Recency effects may also reflect the use of the phonological store. Dedicating the phonological store to other tasks does not always disrupt them and it can also arise in other parts of the system.
             Brooks (1968) had reported an important imagery study that Baddeley cited as evidence for a separate working memory component for visual representations. Brooks showed that an imagery task was made more difficult by requiring participants to respond to an imagined visual shape using a spatial pointing system response as compared to a spoken response. In contrast, when the task was to judge the words in a remembered sentence the vocal response mode was more difficult than the special. If imagery and sentence memory used the same working memory, then this pattern would be unlikely. Baddeley concluded that a separate working memory component, the visual-spatial scratch pad was used in the memory task (Shulman, 1997). The visual-sketch pad is hypothesized to be involved in the processing and manipulation of visual information.
             The central executive is the principal component of working memory. Baddeley .

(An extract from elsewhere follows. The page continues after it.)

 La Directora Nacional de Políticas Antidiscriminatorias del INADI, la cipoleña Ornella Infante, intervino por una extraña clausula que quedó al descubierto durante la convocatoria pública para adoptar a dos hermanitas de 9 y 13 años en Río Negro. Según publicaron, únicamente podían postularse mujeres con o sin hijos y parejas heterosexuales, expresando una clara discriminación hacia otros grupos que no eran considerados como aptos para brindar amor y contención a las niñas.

             describes the central executive as controlling and integrating actions and activities. The behaviour of patients with frontal lobe brain damage was cited as evidence for the existence of the central executive. Short-term memory problems are associated with damage to the left cerebral hemisphere in an area close to that involved in speech. The patients may, but not necessarily have language problems. Amnesic patients who show defective long-term memory tend to have damage to the temporal lobes of the cortex and to deeper structures such as the hippocampus and the mammillary bodies. The fact that tasks associated with STM are intact, and vice versa, speaks strongly for the view that different memory systems are involved.
             More recently Muscovite (1992a), proposed that the frontal lobes are involved in the control and executive aspects of memory, whereas other functions are situated elsewhere.